Greek Bonds Miss Out on ECB Rally as Tension Rises Over Funding

Greece’s government bonds fell, missing out on gains made by their euro-area peers, amid investor concern a provisional agreement to extend aid to the country may not hold.

The nation’s three-year yields rose the most in four weeks as euro-area finance ministers met in Brussels. Ten-year yields climbed above 10 percent for the first time in two weeks as Eurogroup Chairman Jeroen Dijsselbloem said on Monday that “little has been done” since the last meeting of euro-area finance ministers and “the key issue” was to not waste any more time. A European Union official said Greek cash may last for three weeks but that the outlook is unclear.

This follows comments Dijsselbloem made on Sunday that the list of measures the Greek government proposed as part of its four-month aid agreement were “far” from complete and the country probably won’t receive an aid disbursement this month. Greek ministers floated the prospect of a referendum if their reforms were rejected.

“The risks at these levels are that the market is even a bit over-complacent on Greece,” said Jan von Gerich, chief strategist at Nordea Bank AB in Helsinki. “The risks are larger than many perceive. If you listen to what the Greek government is saying, it’s clear they are still trying to do things differently. In any case it’s not going to be conclusive for resolving the Greek funding issue,” he said of Monday’s Eurogroup meeting.

ECB Purchases

Other euro-area government securities advanced on Monday as the European Central Bank began purchases of the region’s sovereign debt as part of its 1.1 trillion-euro ($1.2 trillion) stimulus plan. While ECB President Mario Draghi has said that only investment-grade assets could be bought, he said last week in Cyprus that purchases of junk-rated bonds are still possible as long as the country is in a European-Union monitored program.

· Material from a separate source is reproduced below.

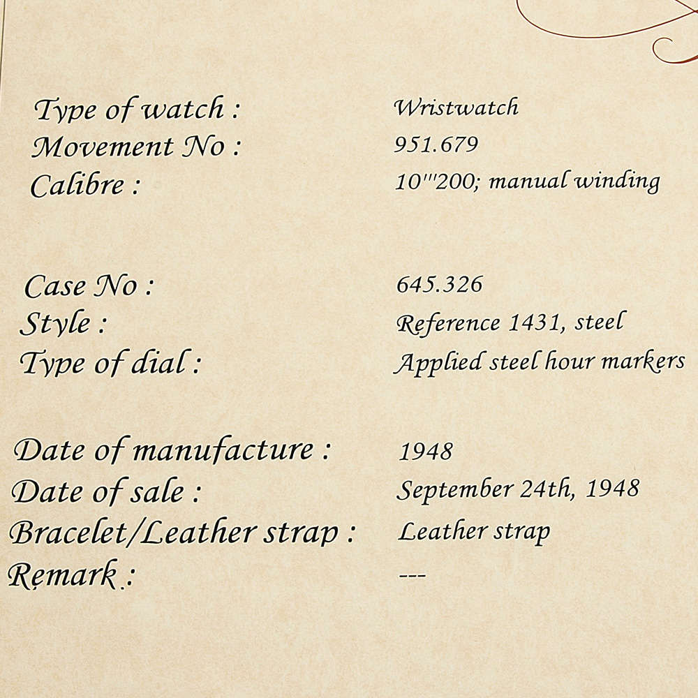 *このモデルのムーブメントにジュネーブシールの刻印はありませんが、1940年代のパテックはジュネーブシールの刻印がないものが一般的だと思います。ざっと調べてみたところ、1951年製で刻印あり、1953年製で刻印なしが確認できました。ほとんどのモデルに刻印が入るようになるのは1950年代半ば頃からだと思います。

That may include Greece beginning in July. That’s when there would be sufficient redemptions of bonds, held by the central bank under its previous Securities Market Program, to enable it to purchase additional debt without exceeding its limit of 33 percent of a single nation’s securities.

Greek three-year yields rose 179 basis points, or 1.79 percentage points, to 15.83 percent at 3:25 p.m. London time. The 3.375 percent note due in July 2017 fell 2.79, or 27.90 euros per 1,000-euro face amount, to 76.96. The 10-year rate climbed 66 basis points to 10.06 percent.

Germany, Ireland

German 10-year bunds rose, with yields dropping eight basis points to 0.32 percent, approaching the record-low 0.283 percent set on Feb. 26. The rate on similar-maturity Irish bonds dropped to a record 0.829 percent.

Bonds of Greek banks also fell and were the biggest decliners in Bank of America Merrill Lynch’s Euro Financial High Yield index.

Alpha Bank AE’s 400 million euros of 3.375 percent notes due June 2017 led declines, sliding 3.46 cents on the euro to 77.17 cents, the lowest in two weeks, with the yield rising to 16.15 percent, data compiled by Bloomberg show. Piraeus Bank SA’s 5 percent bonds maturing in March 2017 fell 3.67 cents on the euro to 76.95 cents, the lowest since Feb. 20, with the yield climbing to 19.77 percent, the data show.

Greece is scheduled to sell 1 billion euros in 13-week Treasury bills on Wednesday. At the previous auction of bills on March 4, the Athens-based debt office sold 1.14 billion euros of 26-week securities at an average yield of 2.97 percent, the highest since April.